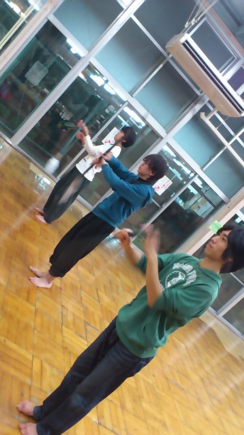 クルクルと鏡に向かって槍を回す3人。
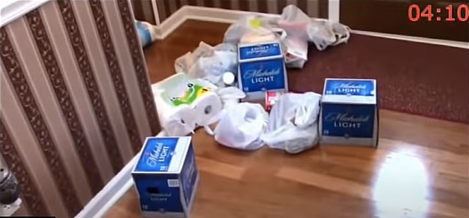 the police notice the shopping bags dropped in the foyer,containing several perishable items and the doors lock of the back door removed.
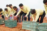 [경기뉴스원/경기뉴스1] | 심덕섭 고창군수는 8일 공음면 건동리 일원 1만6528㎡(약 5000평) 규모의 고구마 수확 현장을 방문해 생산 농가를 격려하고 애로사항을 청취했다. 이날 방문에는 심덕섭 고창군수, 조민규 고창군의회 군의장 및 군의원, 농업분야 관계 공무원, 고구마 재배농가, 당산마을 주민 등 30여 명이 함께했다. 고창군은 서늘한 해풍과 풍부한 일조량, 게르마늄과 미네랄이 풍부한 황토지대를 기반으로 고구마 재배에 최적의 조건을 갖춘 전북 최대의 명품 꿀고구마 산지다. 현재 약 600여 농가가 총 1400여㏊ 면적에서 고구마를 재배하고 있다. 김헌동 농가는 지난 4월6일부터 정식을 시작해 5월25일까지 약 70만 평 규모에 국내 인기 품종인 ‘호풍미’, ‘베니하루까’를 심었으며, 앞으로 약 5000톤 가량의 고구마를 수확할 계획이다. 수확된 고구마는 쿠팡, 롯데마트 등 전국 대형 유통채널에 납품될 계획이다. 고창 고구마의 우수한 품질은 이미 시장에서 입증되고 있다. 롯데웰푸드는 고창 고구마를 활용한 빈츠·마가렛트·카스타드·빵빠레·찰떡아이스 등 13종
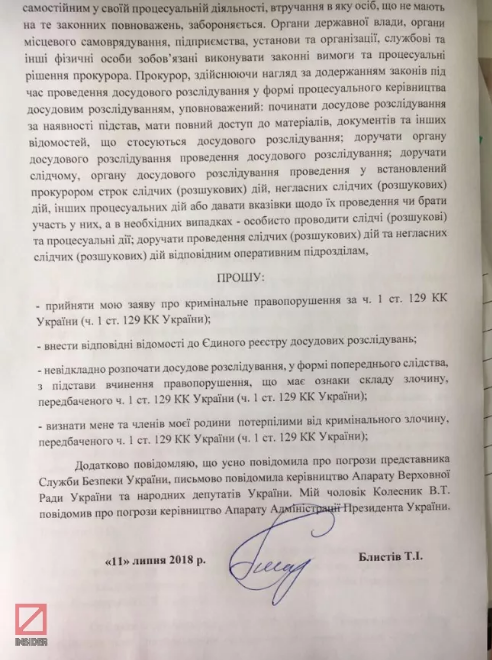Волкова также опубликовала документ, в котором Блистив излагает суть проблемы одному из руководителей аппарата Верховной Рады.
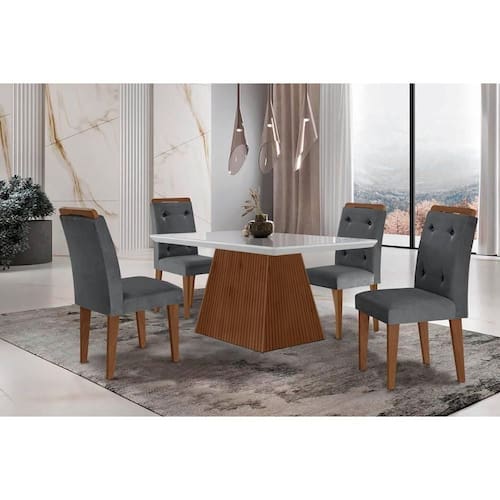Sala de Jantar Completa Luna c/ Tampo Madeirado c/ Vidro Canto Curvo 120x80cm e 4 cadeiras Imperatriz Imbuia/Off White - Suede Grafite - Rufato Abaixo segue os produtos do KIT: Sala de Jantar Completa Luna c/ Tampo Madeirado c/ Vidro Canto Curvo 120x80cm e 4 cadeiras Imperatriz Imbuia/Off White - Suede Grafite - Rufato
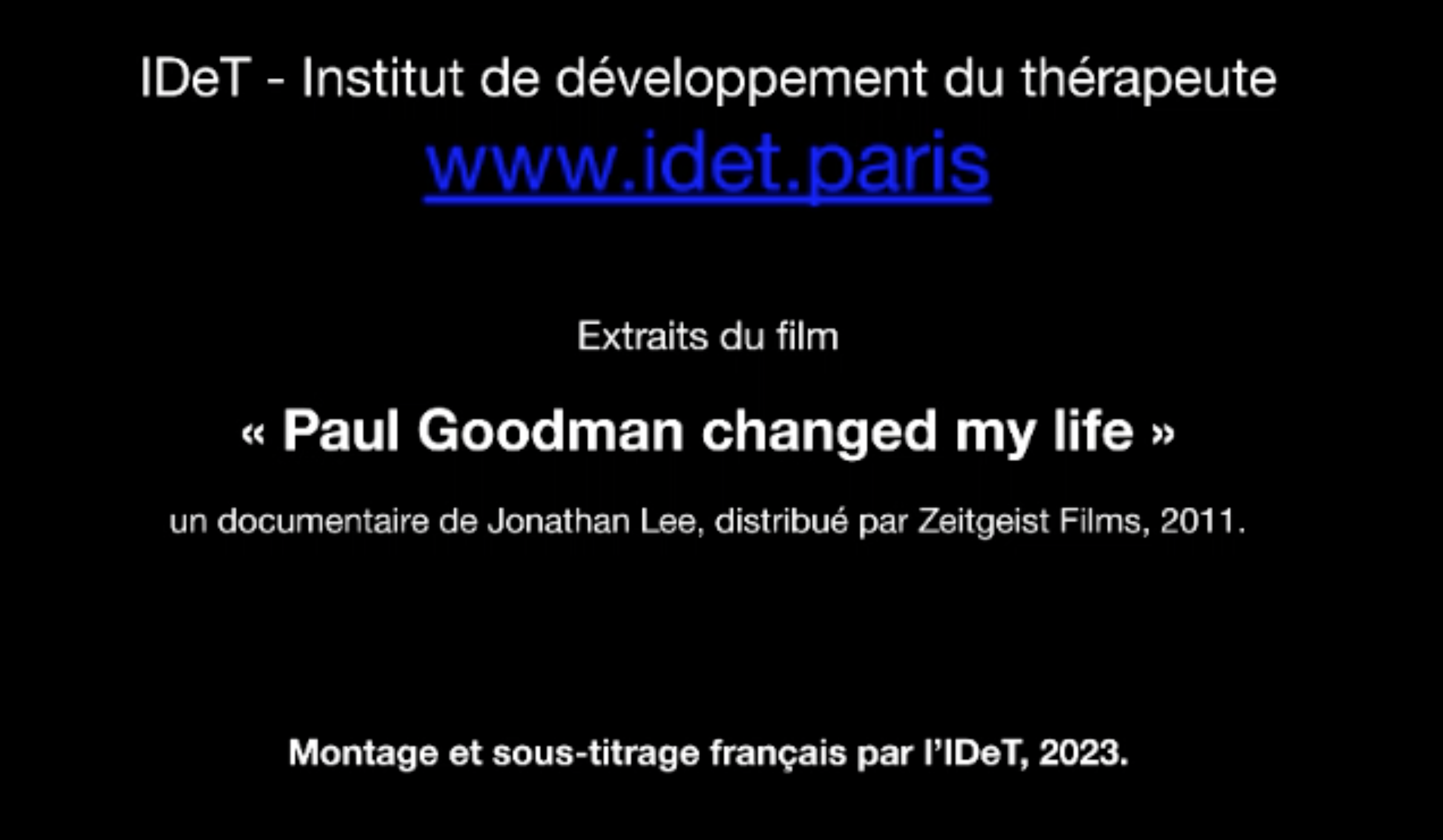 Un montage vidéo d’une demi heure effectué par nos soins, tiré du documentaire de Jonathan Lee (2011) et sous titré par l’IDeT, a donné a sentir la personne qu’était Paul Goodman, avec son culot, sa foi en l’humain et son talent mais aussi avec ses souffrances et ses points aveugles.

==========

Make an exact copy of the records, pictures excluded.

### Answer box
 クルクルと鏡に向かって槍を回す3人。
 the police notice the shopping bags dropped in the foyer,containing several perishable items and the doors lock of the back door removed.
 [경기뉴스원/경기뉴스1] | 심덕섭 고창군수는 8일 공음면 건동리 일원 1만6528㎡(약 5000평) 규모의 고구마 수확 현장을 방문해 생산 농가를 격려하고 애로사항을 청취했다. 이날 방문에는 심덕섭 고창군수, 조민규 고창군의회 군의장 및 군의원, 농업분야 관계 공무원, 고구마 재배농가, 당산마을 주민 등 30여 명이 함께했다. 고창군은 서늘한 해풍과 풍부한 일조량, 게르마늄과 미네랄이 풍부한 황토지대를 기반으로 고구마 재배에 최적의 조건을 갖춘 전북 최대의 명품 꿀고구마 산지다. 현재 약 600여 농가가 총 1400여㏊ 면적에서 고구마를 재배하고 있다. 김헌동 농가는 지난 4월6일부터 정식을 시작해 5월25일까지 약 70만 평 규모에 국내 인기 품종인 ‘호풍미’, ‘베니하루까’를 심었으며, 앞으로 약 5000톤 가량의 고구마를 수확할 계획이다. 수확된 고구마는 쿠팡, 롯데마트 등 전국 대형 유통채널에 납품될 계획이다. 고창 고구마의 우수한 품질은 이미 시장에서 입증되고 있다. 롯데웰푸드는 고창 고구마를 활용한 빈츠·마가렛트·카스타드·빵빠레·찰떡아이스 등 13종
Волкова также опубликовала документ, в котором Блистив излагает суть проблемы одному из руководителей аппарата Верховной Рады.
Sala de Jantar Completa Luna c/ Tampo Madeirado c/ Vidro Canto Curvo 120x80cm e 4 cadeiras Imperatriz Imbuia/Off White - Suede Grafite - Rufato Abaixo segue os produtos do KIT: Sala de Jantar Completa Luna c/ Tampo Madeirado c/ Vidro Canto Curvo 120x80cm e 4 cadeiras Imperatriz Imbuia/Off White - Suede Grafite - Rufato
 Un montage vidéo d’une demi heure effectué par nos soins, tiré du documentaire de Jonathan Lee (2011) et sous titré par l’IDeT, a donné a sentir la personne qu’était Paul Goodman, avec son culot, sa foi en l’humain et son talent mais aussi avec ses souffrances et ses points aveugles.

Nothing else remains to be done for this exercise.